Домик на удивление – большой. Двухэтажное, немного обветшалое изящество резной деревянной коробочки с мансардой, светлой, с пропыленными окнами в темном каркасе отлакированных» мореным дубом» рам на пол – стены, со старинной мебелью: высокой буфетной горкой, круглым столом на изящной ножке, стульями с прямыми отлакированными спинками и пятном потертого шерстяного ковра на полу. В углу, над круглым камином, почти очагом, зеркало и треснувшая ваза, с нарисованной на ней румяной пейзанкой с маком в руке… Такая прелесть. Не подделка, настоящий саксонский фарфор, немного облупившийся. Можно подклеить, отреставрировать…


На столе стоит обыкновенная старая, «сталинская» еще, тонкая и высокая ваза – бутоньерка для одного цветка. В ней свежая роза бледно —желтого цвета. Лепестки не раскрыты.. Дом не кажется заброшенным, запустевшим. В нем витает едва ощутимый аромат увядания. Только начавшийся..

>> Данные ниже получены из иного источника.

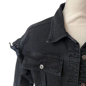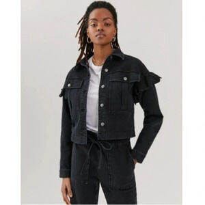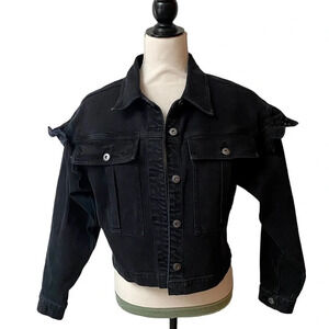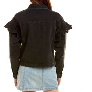 Something Navy Celeste Black Cropped Denim Jacket Ruffle Eyelet Detail Size S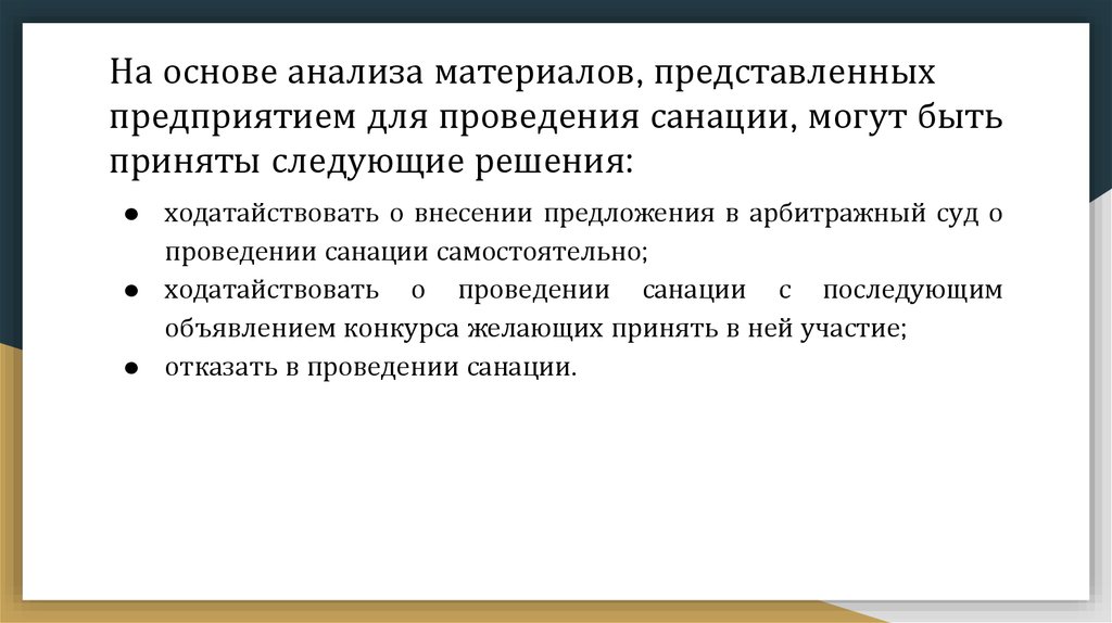 На основе анализа материалов, представленныхпредприятием для проведения санации, могут быть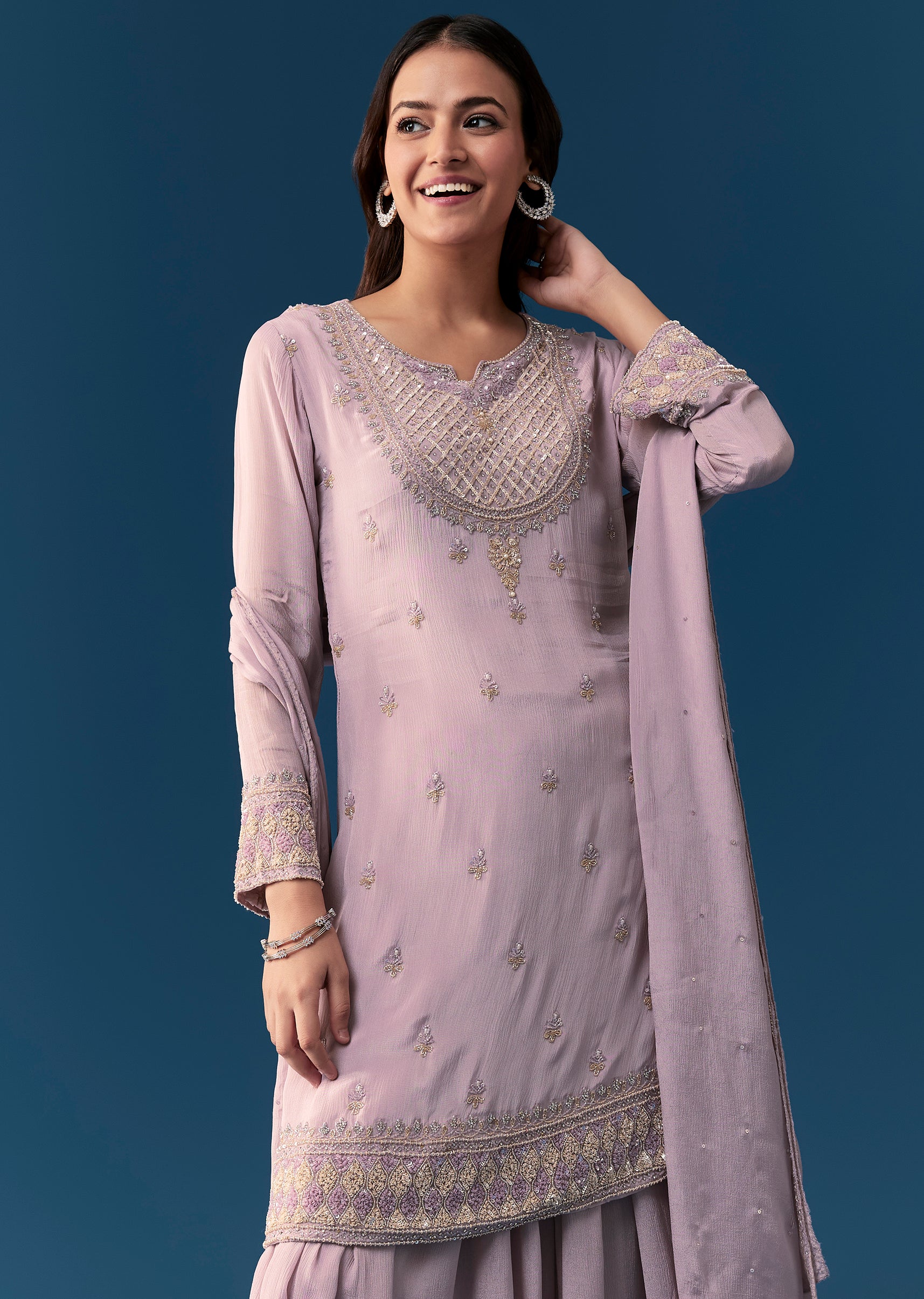 Lavender Chinon Palazzo Set With Sequins And Stone Work.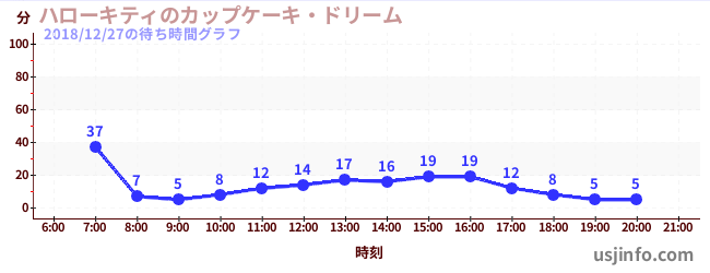 • ハローキティのカップケーキ・ドリーム$B$N(B2018年12月27日の待ち時間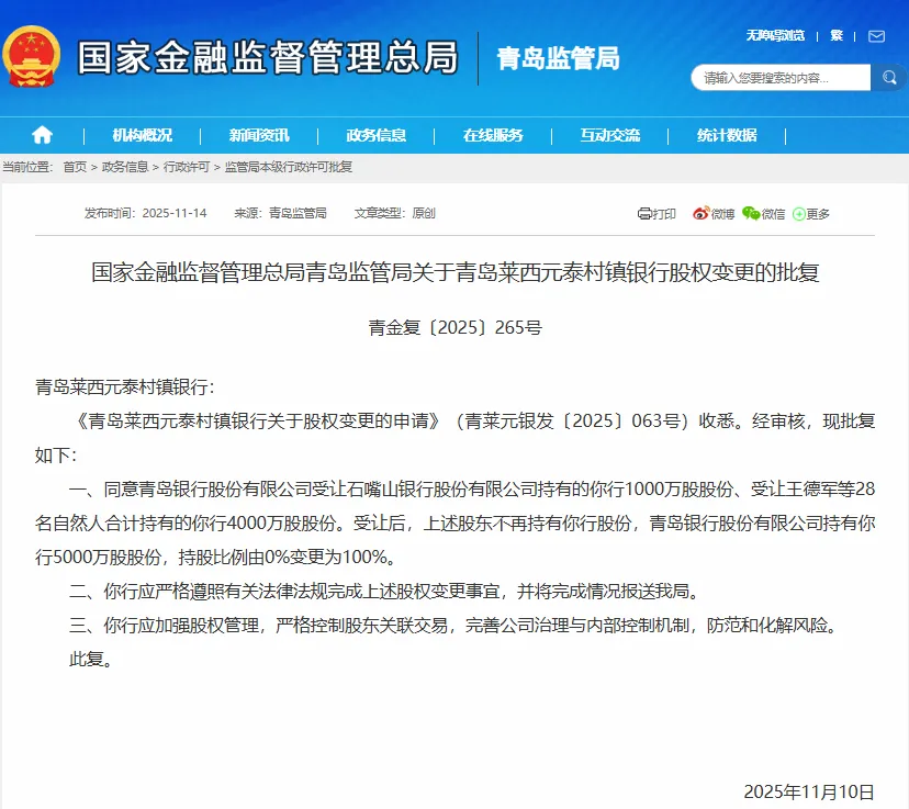 11月14日,国家金融监督管理总局青岛监管局官网最新发布了《关于青岛莱西元泰村镇银行股权变更的批复》,正式同意青岛银行股份有限公司受让石嘴山银行股份有限公司持有的莱西元泰村镇银行1000万股股份、受让王德军等28名自然人合计持有的4000万股股份。

– Как похоронил супругу в прошлом году, так нет здесь мне житья, да и сын зовет к себе, за Волгу, домик там мне с внуком купили.. Если хотите, можно убрать мебель, вещи, соседи интересовались, – чуть растерянно бормочет хозяин, прикасаясь к моему рукаву..

_ Нет, нет, пусть все остается… – улыбаюсь я и думаю про себя: «Хорошее будет добавление к ее коллекции гипсового «антиквариата».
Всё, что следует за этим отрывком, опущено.